Photographs are texts which can be read rather than devices for communication(1).  Do you feel uneasy with the idea of reading a photograph?  Reading takes time and focus; mental exertion.  Images flash before us.  Present themselves in whole.  We perceive them, not read them.

I have often played a little game.  Go to a gallery alone.  Spend time looking at a work.  Often this will be selected because I enjoy this work or wish to learn something about it, but sometimes I select a work that has not endeared itself to me or has been written off due to my taste or lack of context.  I spend time breaking down the work.  Looking and thinking simultaneously.  Scanning the details and allowing the connections and meanings to reveal themselves.  I stand close.  I stand far away.  I challenge myself to ‘see’ everything.  To experience the work in its entirety.  Like staying to the end of a film. 

Last weekend I made a trip to Dublin to see the National Photography Collection Inaugural Exhibition at the Gallery of Photography.  I was particularly interested in seeing a print from Clare Gallagher’s series The Second Shift.  


Clare Gallagher Untitled, from the series The Second Shift (2019) Available here.

Standing in front of this reproduction at this scale, having solely seen this work in the photobook of the series(2) I am primarily aware of its darkness.  Low-lit with a deep blue colour cast its details are slightly obscured. Out of that darkness one makes out several large waxy leaves of a Swiss cheese plant.  These take up most of the left hand of the frame.  On the bottom right, partly hidden by the lowest leaf is the head of a boy.  We see his dark hair, left ear and shoulder.  His eyes, nose and mouth are covered by the leaf.  He wears a chocolate brown wool jumper.  Behind him, to the upper right of the frame there is a light blue curtain, which appears drawn and partially illuminated by a shaft of light.  Directly in the centre of the frame, again obscured by a large leaf we glimpse parts of what appears to be another face.

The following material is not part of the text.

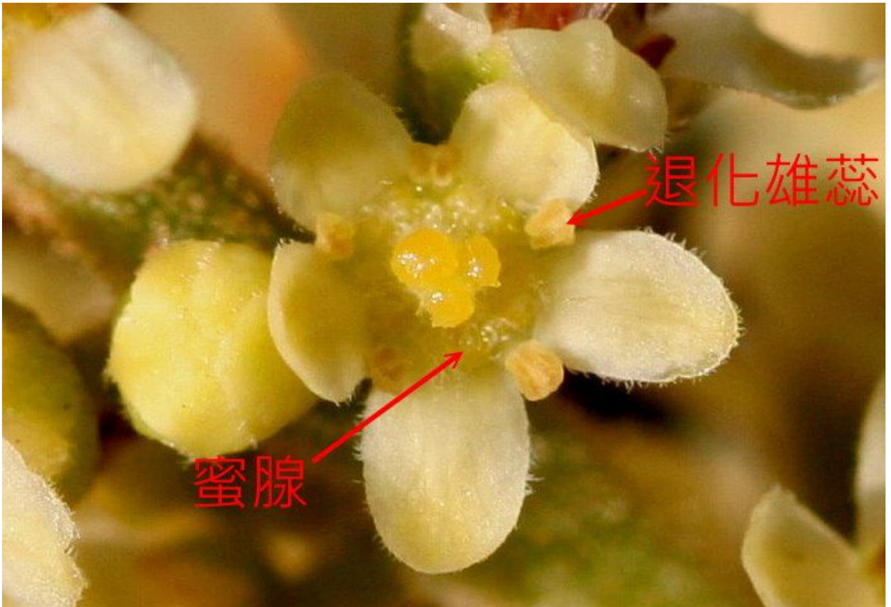
↑ 尚未授粉的雌蕊子房未顯現出紅色
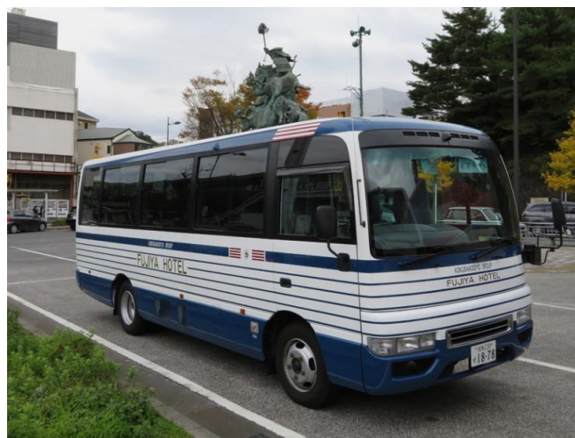
青と白のボーダーが目印です

HAKONE HOTEL FUJIYA HOTEL LAKE VIEW ANNEX

Even less detail is revealed here; a nose and sliver of a forehead are all we see.   

The scene is lit naturally by the soft light coming from the window in the upper right of the photograph.  The flat lighting and also the knowledge that Gallagher lives and works in Belfast, one can assume that this was shot on one of the many overcast days experienced in the north east of Ireland.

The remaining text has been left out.